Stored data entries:
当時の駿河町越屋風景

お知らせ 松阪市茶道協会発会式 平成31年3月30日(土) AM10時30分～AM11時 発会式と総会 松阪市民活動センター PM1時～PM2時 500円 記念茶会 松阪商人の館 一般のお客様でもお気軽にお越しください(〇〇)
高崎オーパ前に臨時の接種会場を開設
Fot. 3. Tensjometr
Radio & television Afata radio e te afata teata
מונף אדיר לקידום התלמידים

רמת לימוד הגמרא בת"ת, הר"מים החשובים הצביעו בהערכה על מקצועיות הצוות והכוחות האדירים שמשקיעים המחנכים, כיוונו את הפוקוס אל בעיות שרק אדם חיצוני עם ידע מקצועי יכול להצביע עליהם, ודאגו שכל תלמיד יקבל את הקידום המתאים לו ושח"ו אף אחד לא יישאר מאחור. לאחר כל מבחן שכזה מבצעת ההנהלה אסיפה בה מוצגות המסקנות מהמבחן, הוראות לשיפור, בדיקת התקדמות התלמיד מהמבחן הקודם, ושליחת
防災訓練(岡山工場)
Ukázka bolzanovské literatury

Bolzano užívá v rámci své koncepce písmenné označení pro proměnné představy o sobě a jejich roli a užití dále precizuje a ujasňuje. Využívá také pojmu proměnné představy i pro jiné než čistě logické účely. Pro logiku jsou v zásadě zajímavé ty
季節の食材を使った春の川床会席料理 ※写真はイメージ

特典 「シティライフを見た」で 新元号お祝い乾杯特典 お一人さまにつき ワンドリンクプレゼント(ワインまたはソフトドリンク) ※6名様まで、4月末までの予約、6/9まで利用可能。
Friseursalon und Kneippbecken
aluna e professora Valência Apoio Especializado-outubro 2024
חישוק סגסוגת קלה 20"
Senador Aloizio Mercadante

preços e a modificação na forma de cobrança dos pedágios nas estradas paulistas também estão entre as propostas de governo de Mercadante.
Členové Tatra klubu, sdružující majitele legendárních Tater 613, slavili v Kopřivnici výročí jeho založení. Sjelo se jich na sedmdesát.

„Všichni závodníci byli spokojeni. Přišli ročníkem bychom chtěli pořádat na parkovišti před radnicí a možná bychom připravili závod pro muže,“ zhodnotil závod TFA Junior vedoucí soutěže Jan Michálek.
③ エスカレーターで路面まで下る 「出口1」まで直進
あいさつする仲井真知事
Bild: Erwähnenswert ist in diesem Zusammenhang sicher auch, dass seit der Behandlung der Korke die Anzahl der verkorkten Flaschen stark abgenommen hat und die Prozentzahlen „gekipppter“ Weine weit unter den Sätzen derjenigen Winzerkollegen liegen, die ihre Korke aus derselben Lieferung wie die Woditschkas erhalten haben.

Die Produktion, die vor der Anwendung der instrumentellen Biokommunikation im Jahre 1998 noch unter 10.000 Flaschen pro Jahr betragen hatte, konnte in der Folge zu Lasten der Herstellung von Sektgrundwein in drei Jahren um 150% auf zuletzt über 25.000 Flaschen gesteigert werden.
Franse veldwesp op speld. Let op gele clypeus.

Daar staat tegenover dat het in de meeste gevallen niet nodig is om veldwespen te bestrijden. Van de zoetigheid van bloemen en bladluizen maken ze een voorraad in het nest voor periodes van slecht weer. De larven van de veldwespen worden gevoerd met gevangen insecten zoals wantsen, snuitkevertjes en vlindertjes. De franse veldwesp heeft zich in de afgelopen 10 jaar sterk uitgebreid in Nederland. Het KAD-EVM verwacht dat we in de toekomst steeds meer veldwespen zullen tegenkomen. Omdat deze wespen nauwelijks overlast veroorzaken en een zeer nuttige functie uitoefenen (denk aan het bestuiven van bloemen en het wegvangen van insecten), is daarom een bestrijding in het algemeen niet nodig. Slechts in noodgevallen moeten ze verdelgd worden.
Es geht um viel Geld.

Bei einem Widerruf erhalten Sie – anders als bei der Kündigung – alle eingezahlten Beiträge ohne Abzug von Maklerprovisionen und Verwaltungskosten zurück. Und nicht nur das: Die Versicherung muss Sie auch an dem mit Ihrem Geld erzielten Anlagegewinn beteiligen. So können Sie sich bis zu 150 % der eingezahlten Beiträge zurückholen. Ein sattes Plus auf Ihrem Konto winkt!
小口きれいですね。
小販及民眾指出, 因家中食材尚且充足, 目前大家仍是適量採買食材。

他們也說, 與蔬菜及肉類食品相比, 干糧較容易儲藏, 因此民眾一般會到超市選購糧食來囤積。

Assignment:
Return exactly what appears in the records from the line with "Daar staat tegenover" through the final line, and nothing else.

Response box:
Daar staat tegenover dat het in de meeste gevallen niet nodig is om veldwespen te bestrijden. Van de zoetigheid van bloemen en bladluizen maken ze een voorraad in het nest voor periodes van slecht weer. De larven van de veldwespen worden gevoerd met gevangen insecten zoals wantsen, snuitkevertjes en vlindertjes. De franse veldwesp heeft zich in de afgelopen 10 jaar sterk uitgebreid in Nederland. Het KAD-EVM verwacht dat we in de toekomst steeds meer veldwespen zullen tegenkomen. Omdat deze wespen nauwelijks overlast veroorzaken en een zeer nuttige functie uitoefenen (denk aan het bestuiven van bloemen en het wegvangen van insecten), is daarom een bestrijding in het algemeen niet nodig. Slechts in noodgevallen moeten ze verdelgd worden.
Es geht um viel Geld.

Bei einem Widerruf erhalten Sie – anders als bei der Kündigung – alle eingezahlten Beiträge ohne Abzug von Maklerprovisionen und Verwaltungskosten zurück. Und nicht nur das: Die Versicherung muss Sie auch an dem mit Ihrem Geld erzielten Anlagegewinn beteiligen. So können Sie sich bis zu 150 % der eingezahlten Beiträge zurückholen. Ein sattes Plus auf Ihrem Konto winkt!
小口きれいですね。
小販及民眾指出, 因家中食材尚且充足, 目前大家仍是適量採買食材。

他們也說, 與蔬菜及肉類食品相比, 干糧較容易儲藏, 因此民眾一般會到超市選購糧食來囤積。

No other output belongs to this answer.